» What to produce
Go to the line with "Nykyaikainen maaliruisku on" in the records below, then output it and each following line exactly, up to and including the line with "- 다음글04/20/14 주일 교회 소식 14.04.19". Skip pictures and add nothing.

» Extracted information
=== Begin Enclosure ===

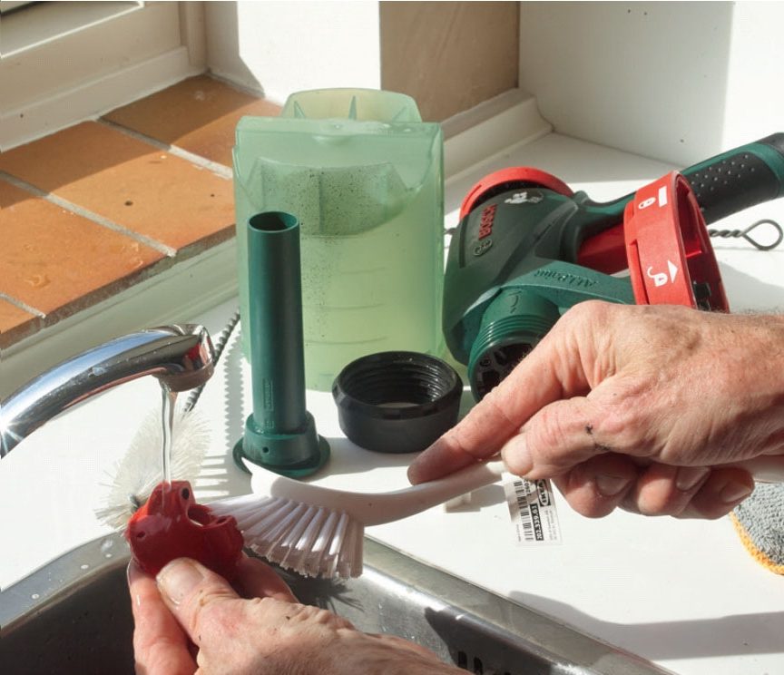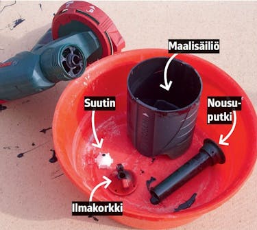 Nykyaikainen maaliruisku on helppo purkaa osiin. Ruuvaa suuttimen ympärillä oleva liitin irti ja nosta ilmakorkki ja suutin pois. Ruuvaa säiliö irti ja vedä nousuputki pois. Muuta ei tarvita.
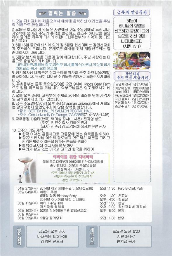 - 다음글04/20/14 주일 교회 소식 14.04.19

=== End Enclosure ===
=== Begin Enclosure ===

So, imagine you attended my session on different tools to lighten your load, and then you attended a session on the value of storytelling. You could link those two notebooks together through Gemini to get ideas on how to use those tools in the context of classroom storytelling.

=== End Enclosure ===

» Exercise output
 Nykyaikainen maaliruisku on helppo purkaa osiin. Ruuvaa suuttimen ympärillä oleva liitin irti ja nosta ilmakorkki ja suutin pois. Ruuvaa säiliö irti ja vedä nousuputki pois. Muuta ei tarvita.
 - 다음글04/20/14 주일 교회 소식 14.04.19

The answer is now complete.